(INPUT MATERIAL begins)

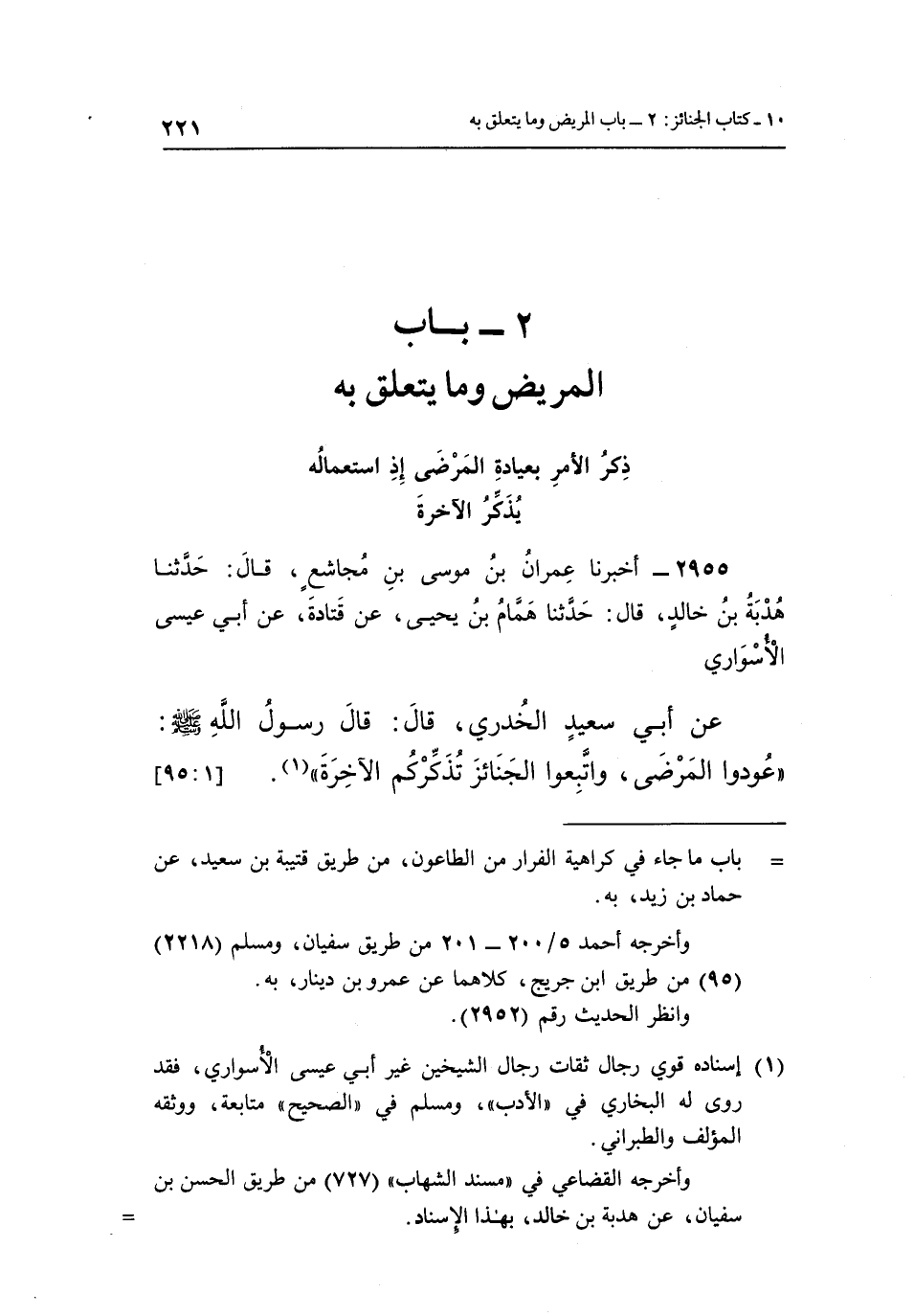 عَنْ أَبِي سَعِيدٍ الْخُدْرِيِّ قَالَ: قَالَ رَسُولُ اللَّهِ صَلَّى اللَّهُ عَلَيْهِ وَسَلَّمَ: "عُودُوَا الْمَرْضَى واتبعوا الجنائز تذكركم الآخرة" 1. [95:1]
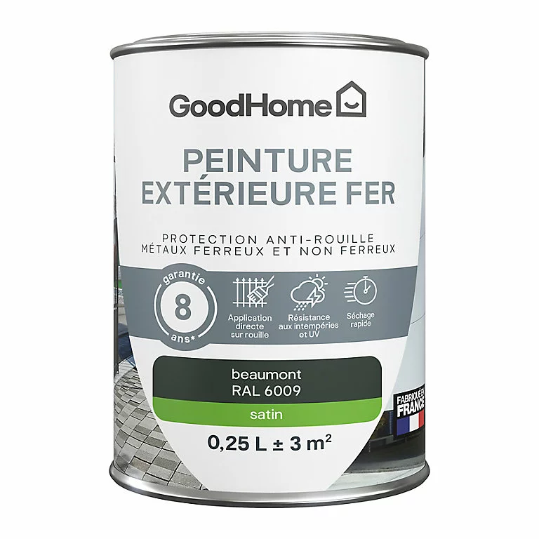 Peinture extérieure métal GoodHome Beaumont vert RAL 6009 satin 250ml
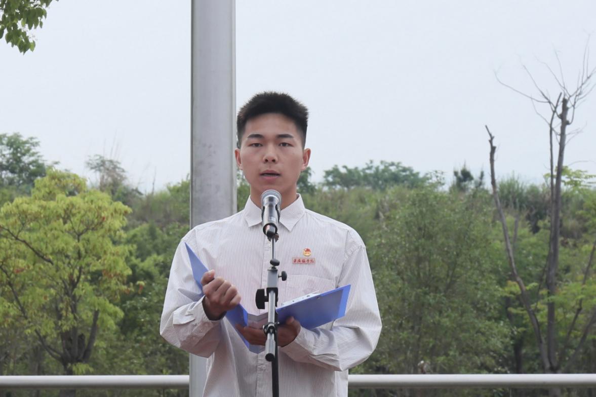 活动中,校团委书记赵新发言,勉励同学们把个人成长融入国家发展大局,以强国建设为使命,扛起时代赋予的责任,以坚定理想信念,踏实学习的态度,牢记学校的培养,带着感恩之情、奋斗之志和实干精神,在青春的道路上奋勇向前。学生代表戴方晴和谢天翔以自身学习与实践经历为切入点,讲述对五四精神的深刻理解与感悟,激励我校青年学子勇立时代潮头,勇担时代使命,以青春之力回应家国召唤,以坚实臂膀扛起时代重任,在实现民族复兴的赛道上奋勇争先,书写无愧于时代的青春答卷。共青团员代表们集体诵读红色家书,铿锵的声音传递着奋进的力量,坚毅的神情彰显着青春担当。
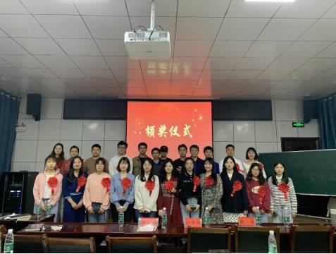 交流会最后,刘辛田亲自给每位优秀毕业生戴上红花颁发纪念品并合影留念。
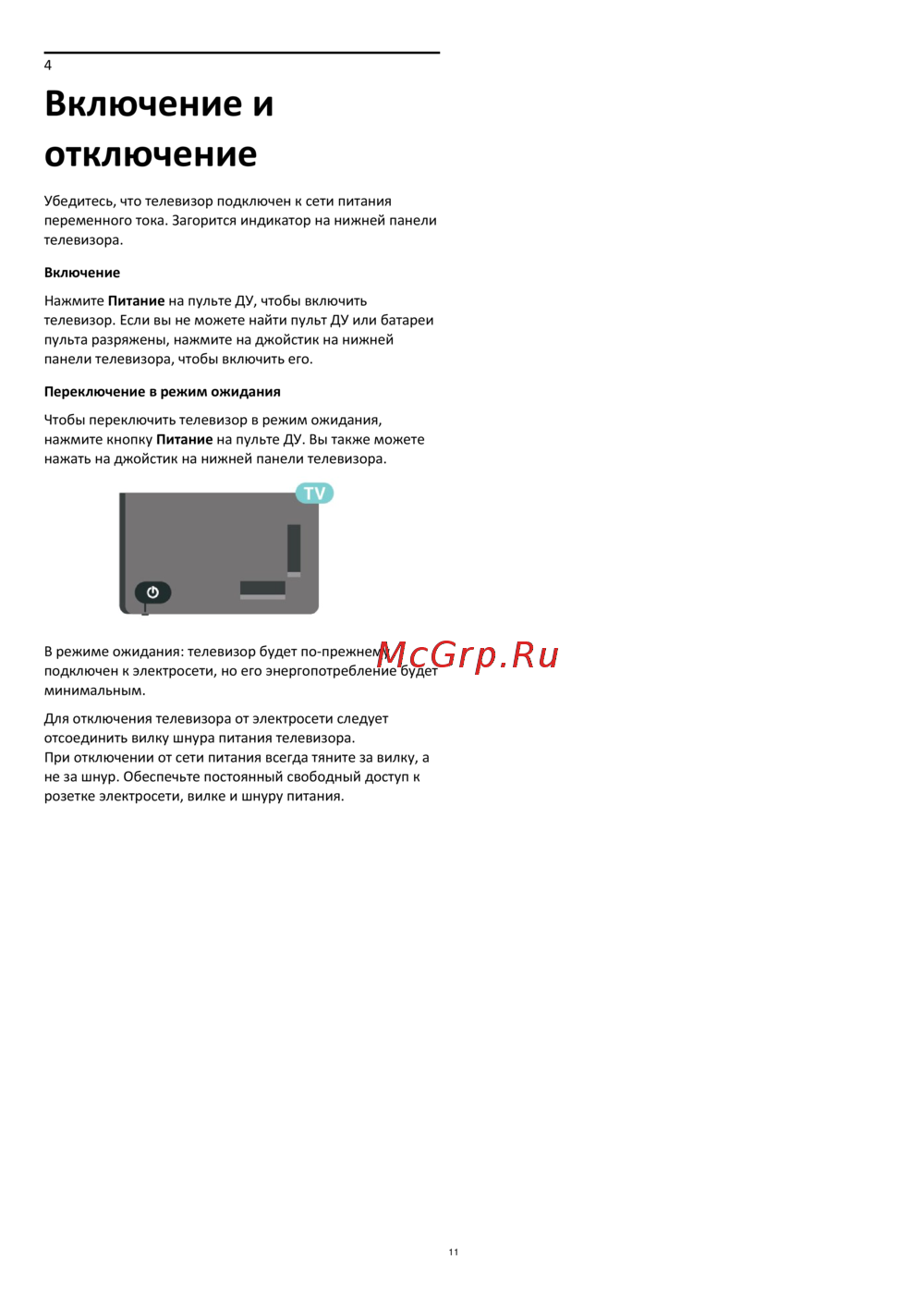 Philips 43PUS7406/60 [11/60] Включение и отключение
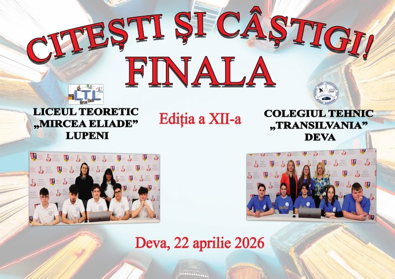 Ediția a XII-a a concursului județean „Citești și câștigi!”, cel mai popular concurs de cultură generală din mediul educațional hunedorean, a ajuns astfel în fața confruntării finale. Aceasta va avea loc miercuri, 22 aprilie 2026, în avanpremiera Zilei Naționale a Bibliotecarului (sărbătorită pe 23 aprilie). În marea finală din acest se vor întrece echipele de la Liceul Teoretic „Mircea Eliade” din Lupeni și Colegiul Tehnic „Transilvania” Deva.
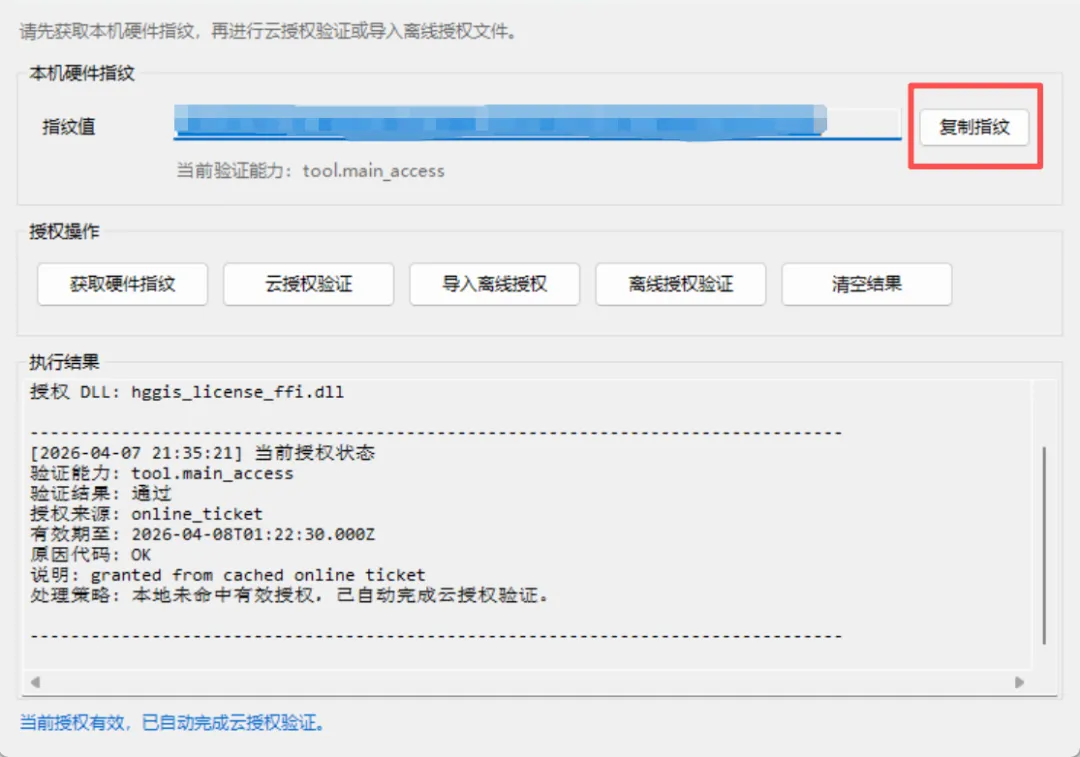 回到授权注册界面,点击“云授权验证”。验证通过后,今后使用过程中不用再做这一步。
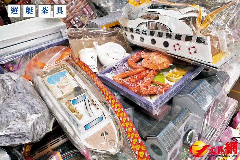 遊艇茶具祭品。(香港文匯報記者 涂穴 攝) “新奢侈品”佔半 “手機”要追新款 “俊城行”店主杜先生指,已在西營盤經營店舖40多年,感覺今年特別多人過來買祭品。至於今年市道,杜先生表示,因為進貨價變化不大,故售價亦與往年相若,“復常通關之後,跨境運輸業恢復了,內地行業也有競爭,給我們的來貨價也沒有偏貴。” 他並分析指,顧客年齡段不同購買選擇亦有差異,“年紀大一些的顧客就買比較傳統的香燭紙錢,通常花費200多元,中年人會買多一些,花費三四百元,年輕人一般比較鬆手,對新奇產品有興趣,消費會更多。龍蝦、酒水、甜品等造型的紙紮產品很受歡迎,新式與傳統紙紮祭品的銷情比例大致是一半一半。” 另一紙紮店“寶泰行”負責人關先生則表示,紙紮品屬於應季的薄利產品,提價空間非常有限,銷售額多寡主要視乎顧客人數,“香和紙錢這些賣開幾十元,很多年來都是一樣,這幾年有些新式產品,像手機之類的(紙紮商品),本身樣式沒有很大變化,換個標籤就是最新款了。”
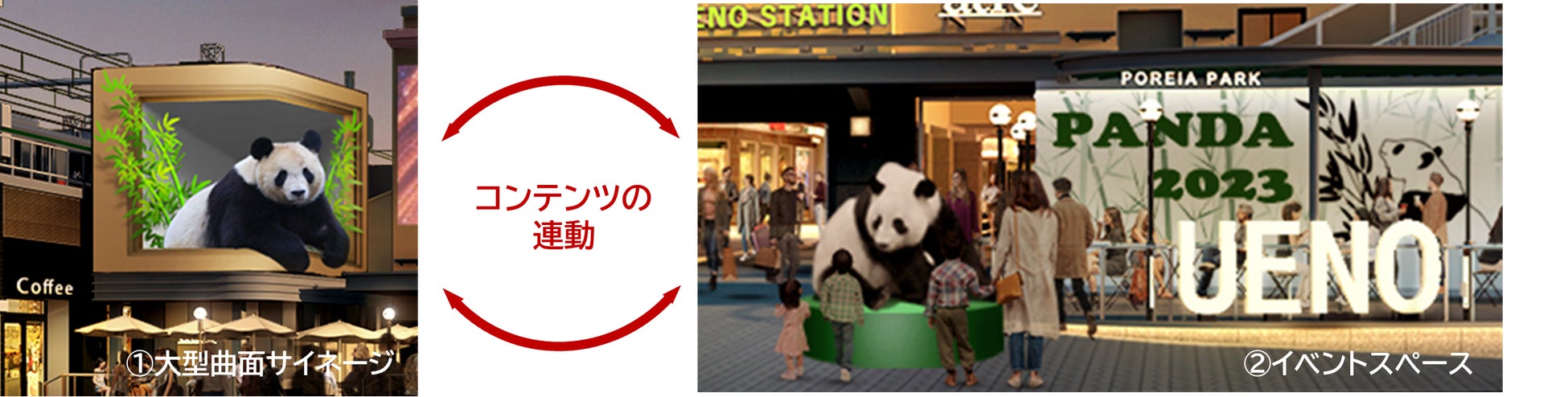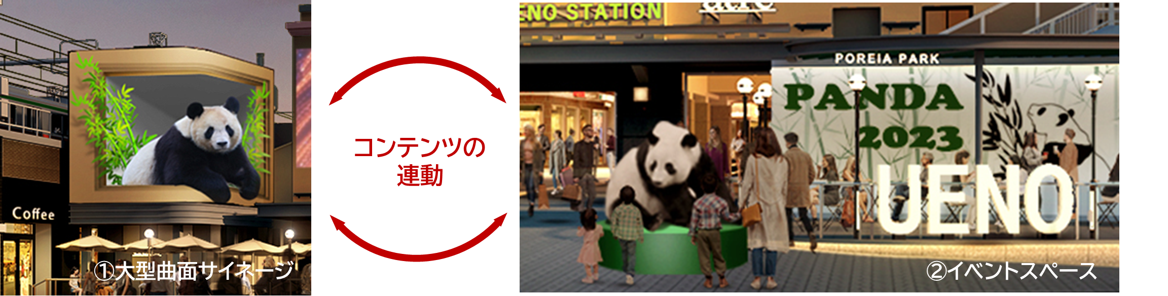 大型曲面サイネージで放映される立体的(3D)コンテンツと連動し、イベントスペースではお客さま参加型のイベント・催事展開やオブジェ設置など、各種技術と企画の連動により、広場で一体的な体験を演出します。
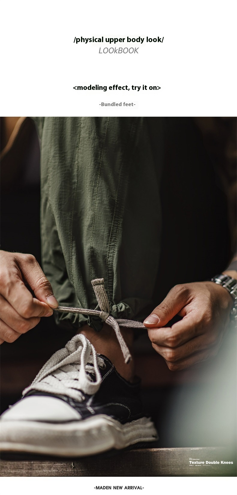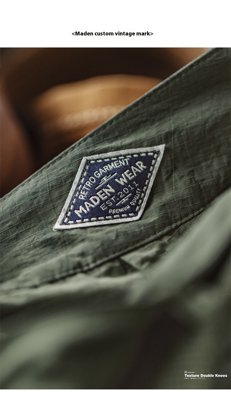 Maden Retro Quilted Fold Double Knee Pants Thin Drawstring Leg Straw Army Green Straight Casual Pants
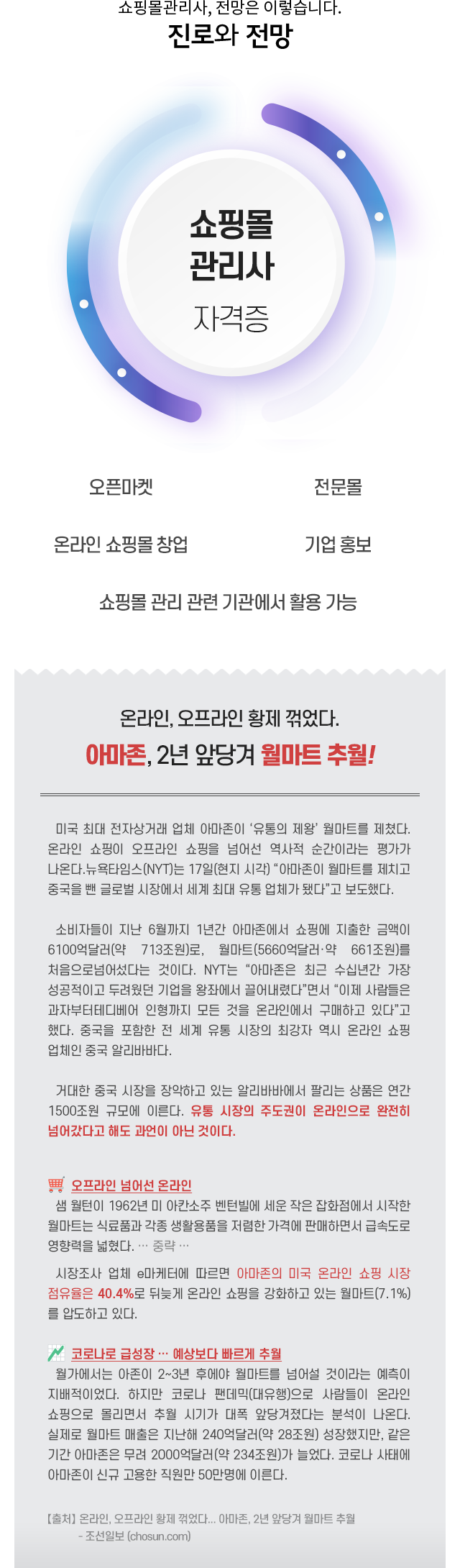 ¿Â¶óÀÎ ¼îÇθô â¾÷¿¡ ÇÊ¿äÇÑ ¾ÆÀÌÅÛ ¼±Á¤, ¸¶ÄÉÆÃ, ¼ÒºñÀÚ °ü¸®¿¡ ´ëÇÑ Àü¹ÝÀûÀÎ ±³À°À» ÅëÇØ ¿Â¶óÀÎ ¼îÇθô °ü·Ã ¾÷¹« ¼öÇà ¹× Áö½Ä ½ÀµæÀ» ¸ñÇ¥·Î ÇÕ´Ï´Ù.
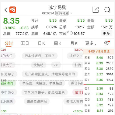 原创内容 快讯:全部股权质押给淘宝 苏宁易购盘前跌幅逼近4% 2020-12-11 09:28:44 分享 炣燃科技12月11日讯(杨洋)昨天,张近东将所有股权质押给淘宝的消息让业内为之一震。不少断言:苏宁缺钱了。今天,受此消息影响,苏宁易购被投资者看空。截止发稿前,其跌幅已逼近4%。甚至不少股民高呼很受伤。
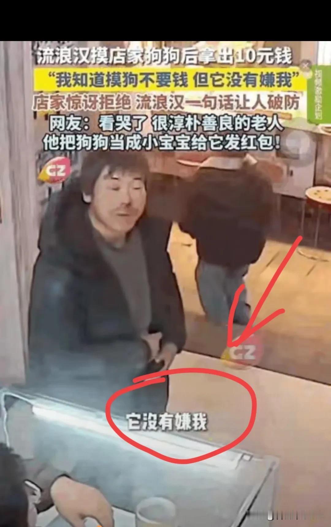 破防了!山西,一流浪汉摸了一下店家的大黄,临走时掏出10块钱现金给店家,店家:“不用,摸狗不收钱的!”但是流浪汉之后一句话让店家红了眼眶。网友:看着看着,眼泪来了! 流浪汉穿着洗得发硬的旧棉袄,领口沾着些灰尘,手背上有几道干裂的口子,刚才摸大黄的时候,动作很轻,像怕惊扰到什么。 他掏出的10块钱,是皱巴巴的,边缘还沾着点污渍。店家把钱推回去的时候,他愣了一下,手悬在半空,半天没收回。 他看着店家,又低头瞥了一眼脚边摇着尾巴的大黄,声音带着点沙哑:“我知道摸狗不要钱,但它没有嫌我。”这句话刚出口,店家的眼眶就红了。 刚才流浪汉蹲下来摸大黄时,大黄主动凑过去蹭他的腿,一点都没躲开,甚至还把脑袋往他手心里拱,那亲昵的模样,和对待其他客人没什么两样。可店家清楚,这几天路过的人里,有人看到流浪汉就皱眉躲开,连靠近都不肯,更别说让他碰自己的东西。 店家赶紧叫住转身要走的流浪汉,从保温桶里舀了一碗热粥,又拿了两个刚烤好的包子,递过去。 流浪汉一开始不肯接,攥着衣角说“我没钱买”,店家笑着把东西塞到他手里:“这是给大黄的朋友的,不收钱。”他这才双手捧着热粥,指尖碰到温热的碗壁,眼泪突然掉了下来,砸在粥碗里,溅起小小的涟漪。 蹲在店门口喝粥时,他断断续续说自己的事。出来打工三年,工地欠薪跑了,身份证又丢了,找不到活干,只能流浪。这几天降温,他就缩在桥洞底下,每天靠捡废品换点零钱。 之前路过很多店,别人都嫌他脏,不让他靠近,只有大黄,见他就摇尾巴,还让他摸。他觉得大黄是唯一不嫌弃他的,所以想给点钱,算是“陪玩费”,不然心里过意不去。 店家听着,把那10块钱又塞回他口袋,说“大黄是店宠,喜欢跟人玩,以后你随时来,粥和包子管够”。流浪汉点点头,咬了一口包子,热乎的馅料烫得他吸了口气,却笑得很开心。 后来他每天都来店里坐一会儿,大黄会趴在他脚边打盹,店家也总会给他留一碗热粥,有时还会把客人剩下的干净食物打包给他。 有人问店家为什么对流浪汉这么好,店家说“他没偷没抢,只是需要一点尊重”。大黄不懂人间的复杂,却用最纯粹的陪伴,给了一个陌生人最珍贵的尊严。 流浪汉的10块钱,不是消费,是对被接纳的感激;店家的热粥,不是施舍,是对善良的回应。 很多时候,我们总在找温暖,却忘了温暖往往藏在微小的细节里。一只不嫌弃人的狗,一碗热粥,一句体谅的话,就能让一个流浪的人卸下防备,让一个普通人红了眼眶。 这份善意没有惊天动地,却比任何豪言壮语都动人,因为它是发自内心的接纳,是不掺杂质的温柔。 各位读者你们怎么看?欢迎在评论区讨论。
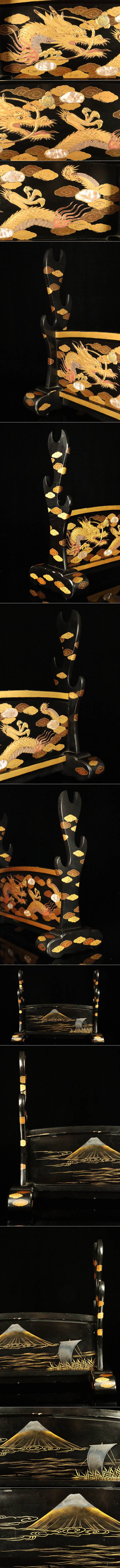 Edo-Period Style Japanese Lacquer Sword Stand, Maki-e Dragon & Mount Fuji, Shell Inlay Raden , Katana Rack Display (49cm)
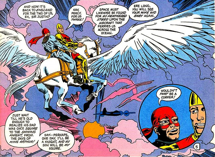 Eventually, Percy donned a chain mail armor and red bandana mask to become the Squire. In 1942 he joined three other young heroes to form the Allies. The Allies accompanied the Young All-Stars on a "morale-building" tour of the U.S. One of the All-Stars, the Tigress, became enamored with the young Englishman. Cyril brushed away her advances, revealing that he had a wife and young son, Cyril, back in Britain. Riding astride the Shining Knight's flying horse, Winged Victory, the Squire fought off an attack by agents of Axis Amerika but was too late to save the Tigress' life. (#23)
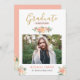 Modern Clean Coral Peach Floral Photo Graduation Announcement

(INPUT MATERIAL ends)

While skipping the pictures, transcribe the data above from the line showing "大型曲面サイネージで放映され" through the line showing "原创内容 快讯:全部股权质押给淘宝 苏宁易购盘前跌幅逼近4%", exactly and with both ends.

REPLY TO THE TASK >>
 大型曲面サイネージで放映される立体的(3D)コンテンツと連動し、イベントスペースではお客さま参加型のイベント・催事展開やオブジェ設置など、各種技術と企画の連動により、広場で一体的な体験を演出します。
 Maden Retro Quilted Fold Double Knee Pants Thin Drawstring Leg Straw Army Green Straight Casual Pants
 ¿Â¶óÀÎ ¼îÇθô â¾÷¿¡ ÇÊ¿äÇÑ ¾ÆÀÌÅÛ ¼±Á¤, ¸¶ÄÉÆÃ, ¼ÒºñÀÚ °ü¸®¿¡ ´ëÇÑ Àü¹ÝÀûÀÎ ±³À°À» ÅëÇØ ¿Â¶óÀÎ ¼îÇθô °ü·Ã ¾÷¹« ¼öÇà ¹× Áö½Ä ½ÀµæÀ» ¸ñÇ¥·Î ÇÕ´Ï´Ù.
 原创内容 快讯:全部股权质押给淘宝 苏宁易购盘前跌幅逼近4% 2020-12-11 09:28:44 分享 炣燃科技12月11日讯(杨洋)昨天,张近东将所有股权质押给淘宝的消息让业内为之一震。不少断言:苏宁缺钱了。今天,受此消息影响,苏宁易购被投资者看空。截止发稿前,其跌幅已逼近4%。甚至不少股民高呼很受伤。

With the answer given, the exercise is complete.